O resultado final é um disco que mistura experimentalismos esporádicos, com o peso do "Appetite..." e a megalomania de algumas músicas dos álbuns "Use Your Illusion 1" e "Use Your Illusion 2" --ambos lançados em 1991--, como "November Rain" e "Estranged".

Essa miscelânea musical, no entanto, nem fez a banda mudar de rota, nem abriu mão da antiga fórmula. Há bons momentos, como a faixa-título "Chinese Democracy", em que Axl aparece pouco para o rock industrial falar mais alto.
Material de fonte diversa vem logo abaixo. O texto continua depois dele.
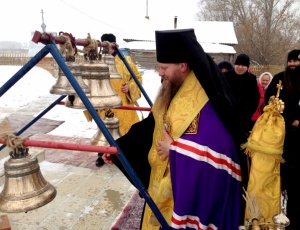 В своем архипастырском слове Преосвященнейший поздравил присутствующих со столь значимым событием для села — освящением колоколов храма. Колокола играют значительную роль в церковной жизни, отметил владыка. В древности благочестивые христиане именовали перезвон церковных колоколов «гласом Божиим». Колокольный звон таинственным образом воздействует на душу человека, преображая и мысли, и чувства, и волю, очищая и настраивая на молитвенное общение с Создателем. В молитвах этого чина призывается благодать Святого Духа, звучат прошения о том, чтобы через звон колоколов верующие побуждались к молитве, укреплялись в борьбе с дьявольскими наветами, чтобы звоном отгонялись всяческие несчастья и непогода, а враг рода человеческого отступал от этого места.

Além deste single, outros são sérios candidatos a virar hit, como "IRS", "Better" e "Madagascar". Elas parecem que foram tiradas dos "Illusions" e repaginadas. "Sorry" tem muita personalidade.

Voz e guitarras

Apesar de boas experimentações, como na introdução de "Riad n' the Bedouins", elas só aparecem em inserções nas músicas. Onipresente mesmo são os solos de guitarra. A maioria --muito bem tocada-- deve satisfazer os fãs mais novos que não viram Slash empunhar a guitarra no Guns.

Já a voz do Axl esteve à altura do projeto megalomaníaco. Ele variou de timbre como em nenhum outro disco. Em "IRS", seu vocal chega a alturas inimagináveis.

"Chinese Democracy" pode ser um sucesso comercial. Mas como projeto artístico, Axl parece ter falhado.